In fondo, a certi individui egoisti e senza morale, cosa volete che interessi? Tanto loro, nascosti e ben protetti nelle loro ville, non rischiano niente e in casi estremi hanno danaro e amicizie influenti tali da poter accedere alle cure che vogliono. Senza problemi.

C’è stato il portavoce del presidente di una squadra che più di tutti sta premendo per la ripresa del torneo, superando spesso il limite della decenza, che è perfino arrivato a dire che le rose ampie esistono per sopperire a ogni emergenza, e che pertanto in caso di calciatori contagiati, di volta in volta basta escluderli dalla lista dei convocati e isolarli. Ma sì, magari gettiamoli in una buca e lasciamoli lì moribondi. Che i calciatori diventino i gladiatori di questo millennio e stiano zitti. Anzi, durante le gare schieriamo a bordo campo squadre di raccolta pronti a recuperare i corpi di quelli che crollano a terra febbricitanti.

Magari cambiamo pure i regolamenti in corsa, tanto qualcuno dei diretti interessati ha esperienza in questo senso, e inseriamone uno che preveda un gol a favore della squadra che a fine partita ha più giocatori ancora in piedi. Al novantesimo si fa la conta dei sopravvissuti e si attribuiscono i punteggi, e come in una nota trasmissione di cucina, l’esito della partita in sé può essere “confermato o ribaltato”. Così si crea pure più suspense, e magari si attira l’attenzione di parte di quel 76% degli italiani che secondo un sondaggio sarebbero contrari alla ripresa del campionato di calcio italiota, rimpolpando le scarne fila di quelli invece favorevoli perché “quando mai ci ricapita di azzeccare la partita buona e vincere un trofeo?”.

Panem et circenses, “magari ci cascano” penseranno i “signori” di cui sopra, appoggiati dai soliti pennivendoli della disinformazione a comando che continuano a vomitare scemenze dalle pagine dei loro giornali o dai canali delle televisioni per le quali lavorano.
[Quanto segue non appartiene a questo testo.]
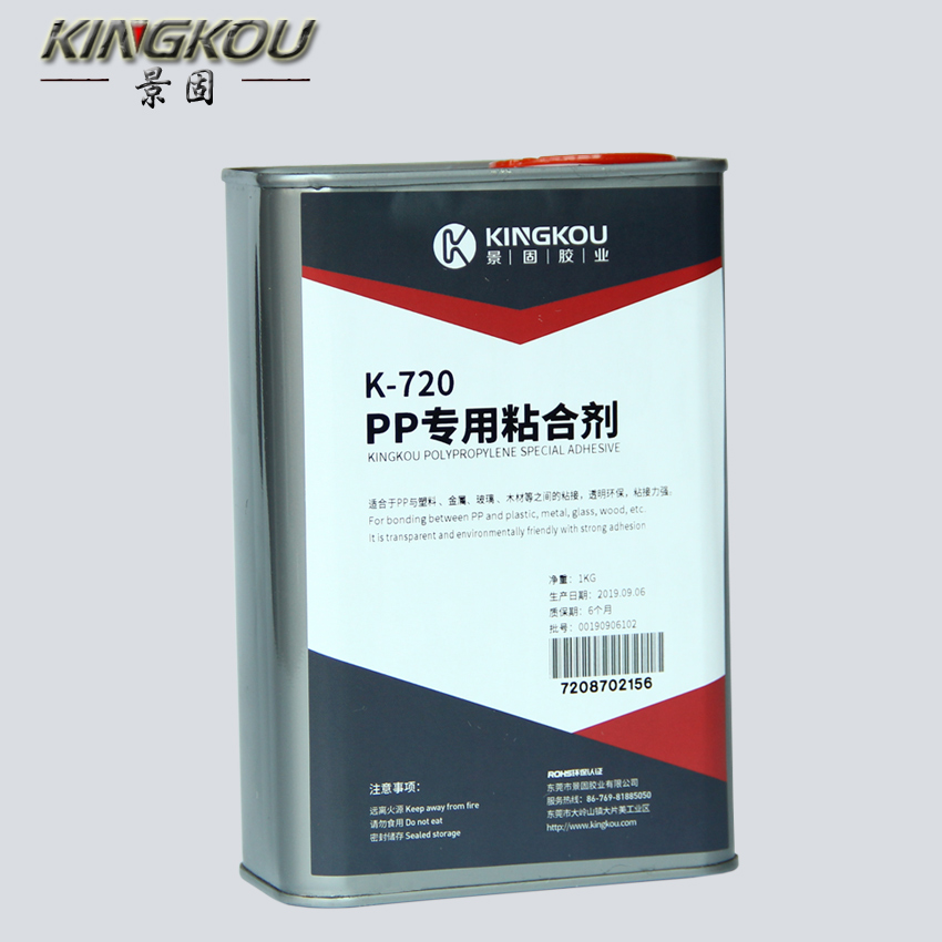 景固KINGKOU K-720 PP(聚丙烯)專用粘合劑 系復(fù)合型合成樹脂膠水,主要用于粘接PP塑料以及PP與其它材質(zhì)的大面積粘接。該膠水粘稠度適中,常溫固化,使用方便,可機(jī)器涂膠、點(diǎn)膠以及人工刷膠。膠水完全固化后呈透明軟質(zhì)狀態(tài),完全不發(fā)白、防水、防蝕、防銹、密封、防水性能好。

Gli stessi che fino a ieri erano pronti a stracciarsi le vesti e accusare il nostro calcio di essere “asservito al dio denaro” – di solito a fronte di qualche argomento che riguardava un’iniziativa della Juventus – oggi lo fanno per portare avanti un’assurda crociata per far ripartire quel circo milionario, perché tale ormai è diventata la Serie A, che in questo momento è l’ultimo dei pensieri degli italiani.

Vero è che saltimbanchi, pagliacci e illusionisti non mancano di certo nel baraccone del calcio italiota, e in questo periodo ne stiamo avendo un’ulteriore conferma, ma sarebbe anche ora che questi “signori” ci risparmiassero certi “teatrini” e magari andassero a fare “spettacolo” altrove, ma non sui corpi ancora caldi di migliaia di cittadini italiani. Gli stessi su cui vorrebbero piantare la loro sporca bandiera col gagliardetto tricolore.